En efecto, el sector se distingue por una alta densidad de
enterramientos humanos: por ejemplo, se han detectado 100 en la
base del edificio central, 40 en las bases del edificio de
Metalurgia, 37 en el invernadero de Hoja Caduca y 35 en el
Laboratorio-La Muela. Es notoria la gran diversidad en cuanto a
formas de enterramiento que debe reflejar, por un lado, los cambios
que se dieron, a través del tiempo, en las costumbres funerarias y,
por otro, la diferencia de condición y jerarquía de los individuos
en una misma época.
Los entierros se agrupan a veces dentro de un bohío de
habitación, como el de 3,5 m de diámetro excavado por Neila
Castillo (1981) en el Huerto de la Colina, en cuyo interior
encontró restos de un fogón y, bajo su piso, seis enterramientos.
También, en la zona de los laboratorios de Metalurgia, el EA excavó
un sitio de vivienda de 15m de diámetro con nueve entierros bajo un
piso compacto.

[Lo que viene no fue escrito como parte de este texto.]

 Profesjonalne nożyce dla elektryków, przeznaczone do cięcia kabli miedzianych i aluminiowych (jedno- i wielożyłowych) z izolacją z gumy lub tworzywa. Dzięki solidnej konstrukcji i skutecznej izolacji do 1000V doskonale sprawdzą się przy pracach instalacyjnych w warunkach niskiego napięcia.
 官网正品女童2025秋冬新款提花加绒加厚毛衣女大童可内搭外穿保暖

Otras veces, las tumbas se agrupan y se comunican
entre sí; en el lugar que hoy ocupa el invernadero de Hoja Caduca,
el EA registró siete tumbas relacionadas.

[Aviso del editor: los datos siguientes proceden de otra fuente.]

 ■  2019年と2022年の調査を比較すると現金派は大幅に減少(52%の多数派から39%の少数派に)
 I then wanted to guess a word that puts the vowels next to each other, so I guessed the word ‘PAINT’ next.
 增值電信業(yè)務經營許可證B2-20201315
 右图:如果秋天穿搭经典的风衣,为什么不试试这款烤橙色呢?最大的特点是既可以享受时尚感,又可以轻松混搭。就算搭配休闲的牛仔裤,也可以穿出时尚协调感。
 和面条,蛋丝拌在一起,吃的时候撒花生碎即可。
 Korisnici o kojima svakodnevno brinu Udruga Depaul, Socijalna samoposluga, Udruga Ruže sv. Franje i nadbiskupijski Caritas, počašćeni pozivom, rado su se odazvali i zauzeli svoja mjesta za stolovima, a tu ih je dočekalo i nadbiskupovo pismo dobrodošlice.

Pudieron determinarse distintas formas de cavar las sepulturas:
pozos profundos de hasta 70cm, medios pozos de 35cm, pozos dobles y
pozos con cámara. Desde el punto de vista de la disposición
corporal se encontró que, en la mayoría de los casos, se recogieron
los miembros superiores e inferiores del cadáver antes de colocarlo
dentro de la tumba sentado o acostado hacia el lado derecho o
izquierdo; sólo se tiene un caso de entierro en posición
horizontal.
En el sitio objeto del presente informe, se encontraron dos
bohíos de enterramiento contiguos -de 15 y 5m de diámetro- con 19
entierros en su interior. A diferencia del bohío de habitación,
caracterizado por un sitio compacto sobre lajas de tumbas, en el de
enterramiento se encuentran tumbas exteriores, restos de animales y
plantas depositados como ofrendas, pequeños hoyos dejados por
postes de posibles barbacoas, tierra compactada con inclusión de
materiales orgánicos y restos de combustión. Sobre el piso del
bohío se hallaron hondonadas sobre las cuales se sostenían los
muertos, «canales» que unían los diferentes entierros y, en el
perímetro del bohío, huellas de postes y canales de desagüe.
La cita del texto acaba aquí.